Feinstein Shows How “Lowly Paid Lawmakers Leave Office Filthy Rich”
California Senator Dianne Feinstein, vice chairman of the powerful Senate Intelligence Committee, is demonstrating how lowlypaid lawmakers leave office filthy rich, according to a newspaper columnist that writes about the senior Democrat’s most recent scandal.
Like many of Feinstein’s past scandals, this one involves her enormous influence as a veteran federal lawmaker translating into big bucks for her husband, real estate mogul and investment banker Richard Blum. The U.S. Postal Service is selling 56 buildings and Blum’s commercial real estate company, CBRE, stands to make about $1 billion in commissions, the news report says. A few years ago CBRE was selected as the sole real estate agent for the huge deal, most likely with the help of his powerful wife.
Here’s a line from the article, which appears in a New York paper this month: “This feat of federal spousal support was ignored by the media after Feinstein’s office said the senator, whose wealth is pegged at $70 million, had nothing to do with the USPS decisions.” It’s not surprising that the mainstream media swallowed the unbelievable denial since Feinstein is the prototype of the liberal politician that seldom receives any real scrutiny. We’ve seen evidence of this in the mainstream media’s ongoing love fest with President Obama.
Judicial Watch has helped pick up the slack and in fact has exposed many of Feinstein’s transgressions over the years, mostly involving abuse of power to enrich her family assets. The atrocities were so rampant that in 2007 the San Francisco lawmaker was forced to resign as chair of the Military Construction Appropriations subcommittee, where she annually supervised the appropriation of billions of dollars. As chair Feinstein supervised her own staff of military construction experts and she lobbied Pentagon officials to support her favorite projects. During her tenure her husband’s companies got billions of dollars in government contracts.
But Feinstein’s ouster from that influential post didn’t stop the cash from flowing to her husband’s various businesses. A few years after getting booted from the Military Construction Appropriations subcommittee, the senator sponsored legislation to route $25 million to a government agency (Federal Deposit Insurance Corporation—FDIC) that had just awarded one of his firms a lucrative contract to sell foreclosed properties at compensation rates higher than industry norms. Feinstein wasn’t even a member of the Senate committee that has jurisdiction over the FDIC, which means she shouldn’t have been involved in the matter. Furthermore, the FDIC is supposed to operate with funds from bank insurance payments and not direct federal infusions.

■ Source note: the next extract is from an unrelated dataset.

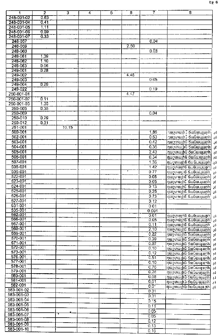 6. Թույլատրել Հայաստանի Հանրապետության կառավարությանն առընթեր անշարժ գույքի կադաստրի պետական կոմիտեի նախագահին Հայաստանի Հանրապետության պետական գեոդեզիական ցանցի հավասարակշռման արդյունքների հիման վրա Հայաստանի Հանրապետության վարչատարածքային միավորների սահմանանիշերի կոորդինատների ժողովածուի հրատարակումից հետո հողային ֆոնդի ընթացիկ հաշվառման ժամանակ Հայաստանի Հանրապետության Սյունիքի մարզի Դարբասի գյուղական համայնքի հողային հաշվեկշռում սահմանված կարգով կատարել համապատասխան փոփոխություններ:

Feinstein, a former San Francisco mayor, has also been under fire for using “private bills” to keep illegal immigrants in her district from being deported. In fact, Feinstein is the lawmaker who most abuses the unorthodox method to block the deportations of illegal aliens in her northern California district. Private bills are seldom introduced because, unlike public bills, they only benefit specified individuals and are therefore viewed as special treatment susceptible to fraud. Over the years the senator helped a deported family of Egyptians that overstayed their U.S. tourist visa by more than a decade, a Mexican family that lived illegally in her district for 20 years and an Asian couple that that entered the country as tourists and never left. Feinstein also intervened on behalf of Philippine woman who violated deportation orders for two decades and was denied asylum by a federal court.
More recently Feinstein has been embroiled in the CIA enhanced interrogation fiasco. Like many lawmakers she purported to be stunned over the CIA “torture report,” which she made public recently, though Congress knew for years that enhanced interrogation techniques were being used on terrorists and in fact dozens of members were repeatedly briefed on the subject. Nevertheless, Feinstein led the kabuki theater, comparing the CIA methods to those used by torturous regimes during the Cold War and proclaiming that the spy agency provided “extensive inaccurate information” about the program to policymakers. The CIA was “far more brutal” than it represented to Congress, Feinstein asserted.